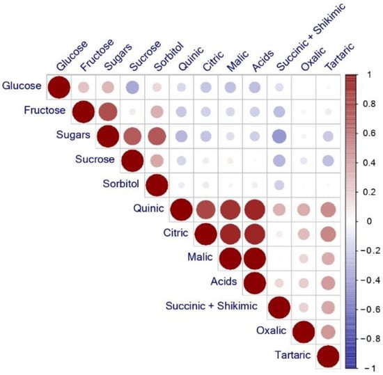 Pearson’s correlation coefficients for the traits studied for the 155 accessions assessed during the five years of study. Abbreviations: Sugars—total sugars; Acids—total organic acids. The size of the circle for each correlation and the colour depicts the significance and the magnitude of the correlation coefficient, respectively.
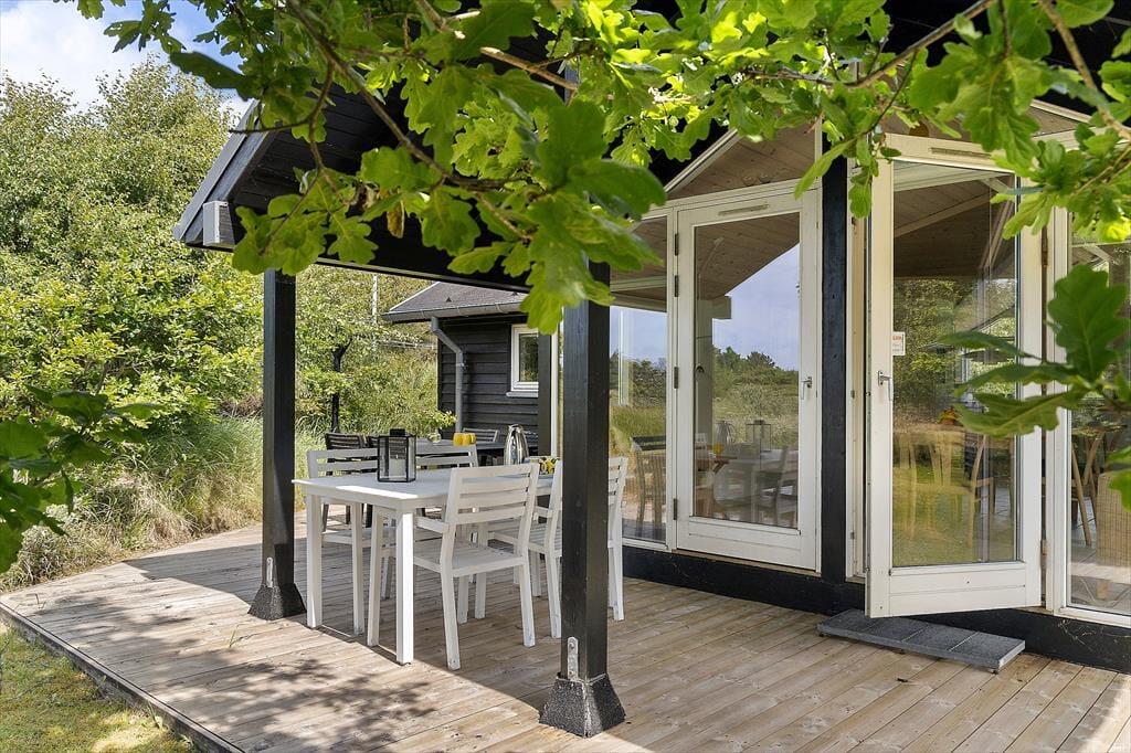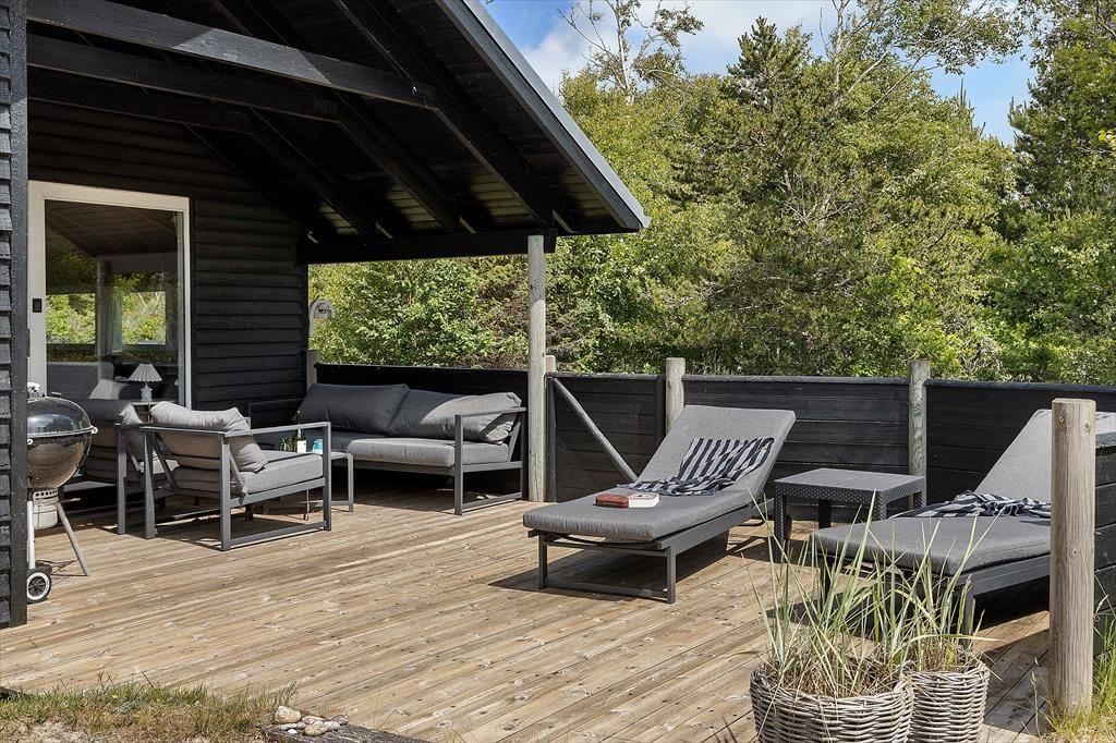 Udenfor venter et herligt frirum på dig og din familie. Sommerhuset ligger på en flot grund med god læ, hvilket gør terrassen til det perfekte sted at nyde både morgenkaffen og de lune aftener. Her kan du sidde med en bog, læne dig tilbage i liggestolen eller tænde op i grillen, mens du følger solens gang hen over himlen. Grunden indbyder til leg og ophold i det fri – og takket være den naturlige afskærmning får du en fin kombination af privatliv og nærvær med naturen. Det er ikke svært at forestille sig en feriedag, hvor timerne bare flyver afsted med solbadning, spil i haven og lange frokoster i det fri – måske akkompagneret af fuglekvidder og duften af frisklavet mad fra grillen.
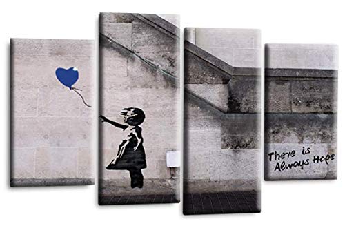 LR Banksy Heart Art Print Blue Grey Balloon Girl Framed Canvas Split Wall Picture Ready to Hang
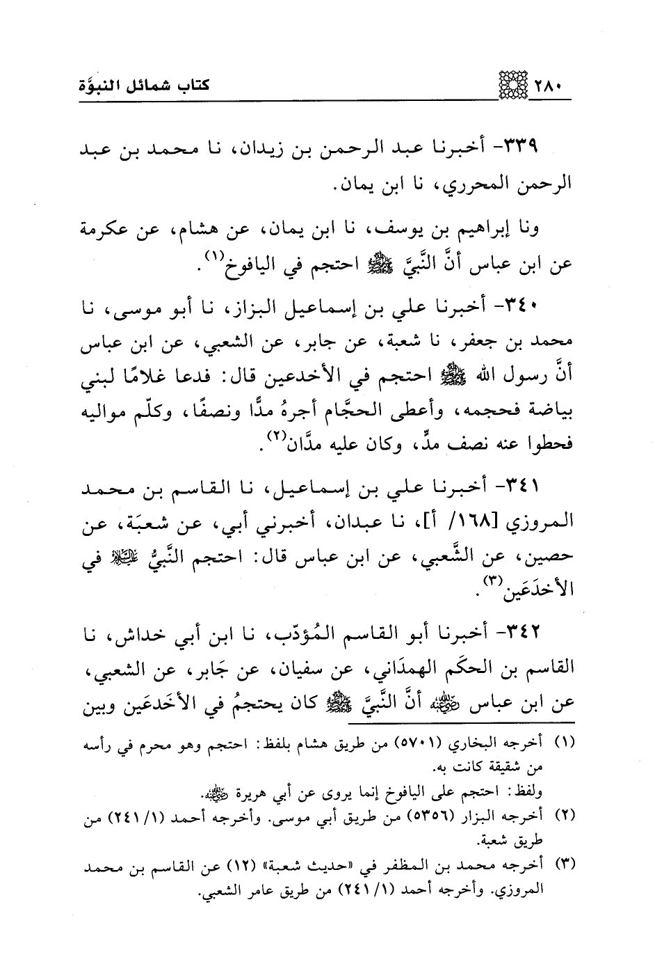 341 - أخبرنا علي بن إسماعيل، نا القاسم بن محمد المروزي، نا عبدان، أخبرني أبي، عن شعبة، عن حصين، عن الشعبي، عن ابن عباس قال: احتجم النبي عليه السلام في الأخدعين.
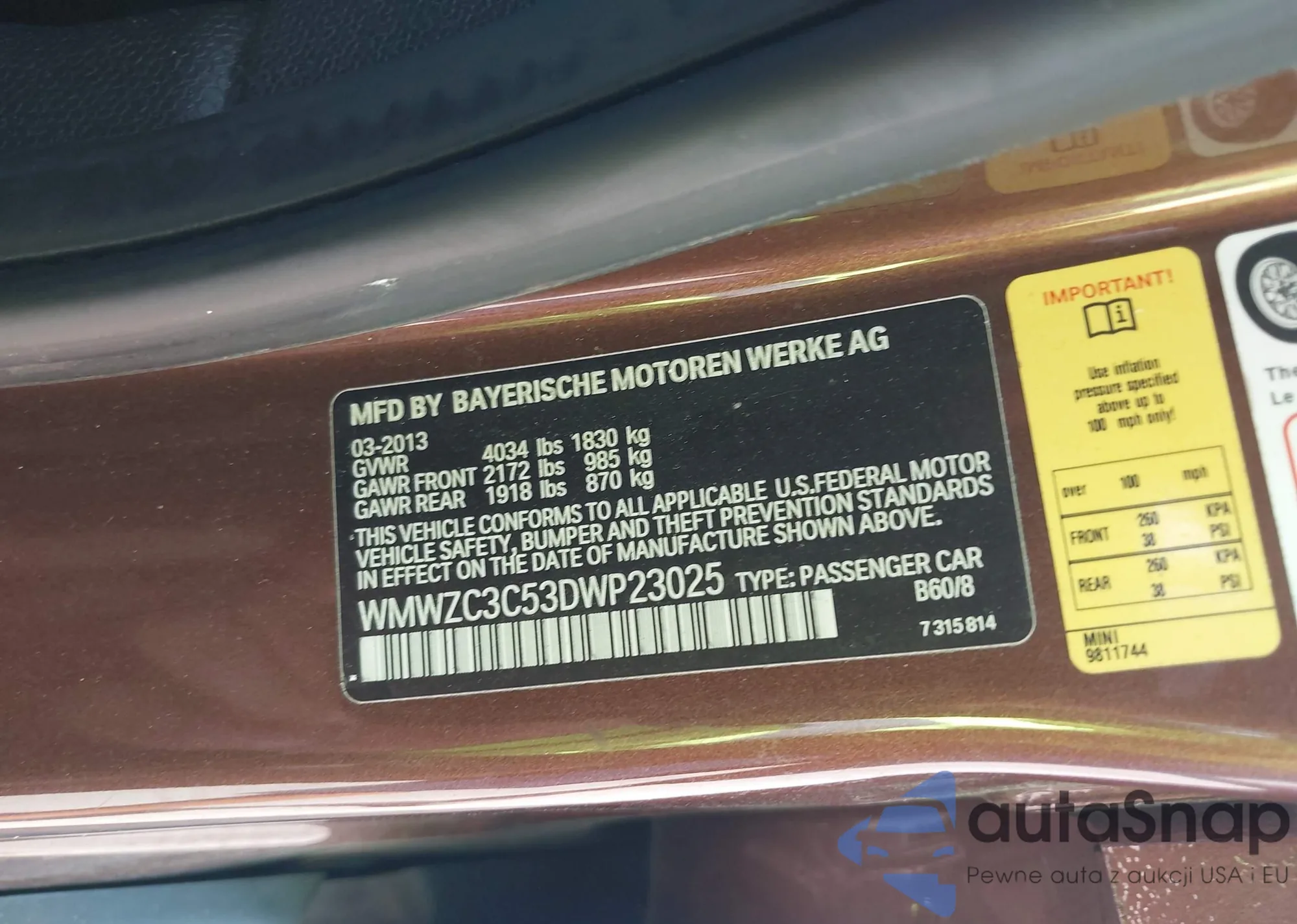 • VIN WMWZC3C53DWP23025

------------

#### THE PROBLEM:
Exactly the lines from the one holding "341 - أخبرنا" to the last line of the records above should be duplicated, with no pictures among them.

#### RESPONSE AREA:
 341 - أخبرنا علي بن إسماعيل، نا القاسم بن محمد المروزي، نا عبدان، أخبرني أبي، عن شعبة، عن حصين، عن الشعبي، عن ابن عباس قال: احتجم النبي عليه السلام في الأخدعين.
 • VIN WMWZC3C53DWP23025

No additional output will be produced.